There is a big class, or income, differential. In the ABC1 group, 50% of people were aware of choices. They did not necessarily know what to do, but they were aware that there were choices available to manage and access pension savings. Only 37% of C2DE, which would typically be lower earners, were aware of choices. That is quite a big difference.

Age is also a big difference. In the 16-to-34 age group, 31% of people were aware of the importance of managing the financial risk of pensions. The percentage rises to 60% in the 55-to-64 age range. The government has been telling people that the earlier you start saving the better, yet this does not seem salient to 16-to-34-year-olds. They are thinking about other things. That is where the notion of accumulated risk is important. If you are struggling to keep a roof over your head, are you going to be thinking about what might happen when you are 65 or 70?

The person quoted in Figure 3 went on to say that they are not even sure that they will get a pension at 70 because the rules change all the time.

It was very telling that, when it came to talking about pensions, there was a real lack of confidence that they could predict what the future might hold. We did not ask people if that made them less likely to save into their pensions. Other research has asked those kinds of questions and I think that it would be interesting to follow up and find out if there is a relationship between those two views, because it seems to me that there would be.

In our population-level survey, 52% of people said the government should be entirely responsible for ensuring that everybody has a decent standard of living in retirement. I do not know how people thought that was going to happen, given the debate around the affordability of pensions. This did not come up in the one-to-one interviews, and the strength of this feeling surprised me, especially given the fact that younger people weren’t really noticing some of the risks that they face, or even noticing there had been a shift in risks from institutions to individuals. When we conducted the interviews, people were not expecting very much, but this casts that outcome in a slightly different light. There is a sense that people still think that we are all in it together, and the government needs to do something about that.

This area of trust and of cognitive load is an important point. Cognitive load is a term used to talk about what is on your mind, the impact of having a lot on your mind and how well you function in daily life. I think that is very important when you are thinking about the public benefit of shifting the transfer of risk. Stressed people are not necessarily the most productive, and productivity at work is a big issue for our economy. We also know that stress can impact a person’s health, either in the short- or the long-term. That has a cost to society, and so we do not want to increase stress levels in the population. Therefore, the fact that people are becoming stressed by their finances does matter.

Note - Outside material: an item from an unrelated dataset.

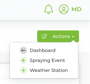 Step 2: Once your main page opens, navigate to the right-hand side of the page. Click on the green Actions button. A dropdown list will open. Click on Add Weather Station.
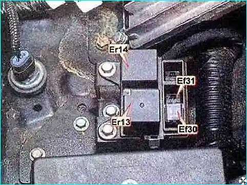 В этом блоке находятся два реле электровентилятора: реле высокой скорости Er13 и реле низкой скорости Er14. Цепи обоих реле защищает один предохранитель Ef30 40A.

If you are shifting risk to individuals and expecting them to respond appropriately, you are putting a mental load on them. Policymakers should be wary of imposing cognitive taxes on the poor, just as they avoid monetary taxes on the poor. Filling out long forms, preparing for a lengthy interview, deciphering new rules or responding to complex incentives, all consume cognitive resources. Policymakers rarely recognise these cognitive taxes, yet our results suggest they should focus on reducing them.

Think about the things mentioned previously: the complexities of working out how to manage your pension; the challenge of working out if you are better off buying your own home; and the options that you might have. I do not think anyone is suggesting that we take those away from people, but if the burden of working it all out falls on individuals, there is a price to pay for that. For some people, this could cause enough stress to impact their quality of life.

We did our Great Risk Transfer population-level survey in May 2022. That survey went out before the peak of the issues that we are experiencing now in January 2023 as a result of the cost-of-living crisis. Concerns around not being able to afford basic household bills, such as food and energy, outstripped concerns about affordability of insurance by at least 2-to-1 in every age group. However, we also run a quarterly survey called Understanding Scotland. In our latest quarterly update, we found that nearly a quarter of Scots have lost sleep due to stress or anxiety relating to financial issues, and that rises to 35% in the 35-to-44 age group. We can only speculate as to why that is, but that would be peak age group for having children to support. I imagine that you could find similar results at the UK level. We know that the stress people are experiencing, their cognitive load, is high already. Rolling back the balance of risk might help.

In total, 36% of people said that they don’t know whose financial advice or guidance they can trust. Only those who could seriously contemplate advice cited affordability as an issue. People who perhaps did not appreciate the difference between financial advice and guidance never considered paying for advice and are more likely to say “I don’t know who I can trust.” A total of 34% of people said that it was the cost of financial advice or guidance that prevented them from seeking it out. A lot of guidance is free, but cost is something that people associate with guidance and advice.

The other stand-out result is that 52% of people in our survey are avoiding thinking about long-term financial well-being, because of more immediate financial challenges. If people are not thinking about it, they can either act inappropriately or take no action.

People trust names they have heard of. Martin Lewis was front of mind, but Citizens Advice came out strongly as well. There were low levels of trust in advice or guidance provided by an organisation that had a product to sell. In the original IFoA report, there were several references to previous mis-selling scandals. That was in the population-level survey, but it also came out unprompted in a minority of the interviews.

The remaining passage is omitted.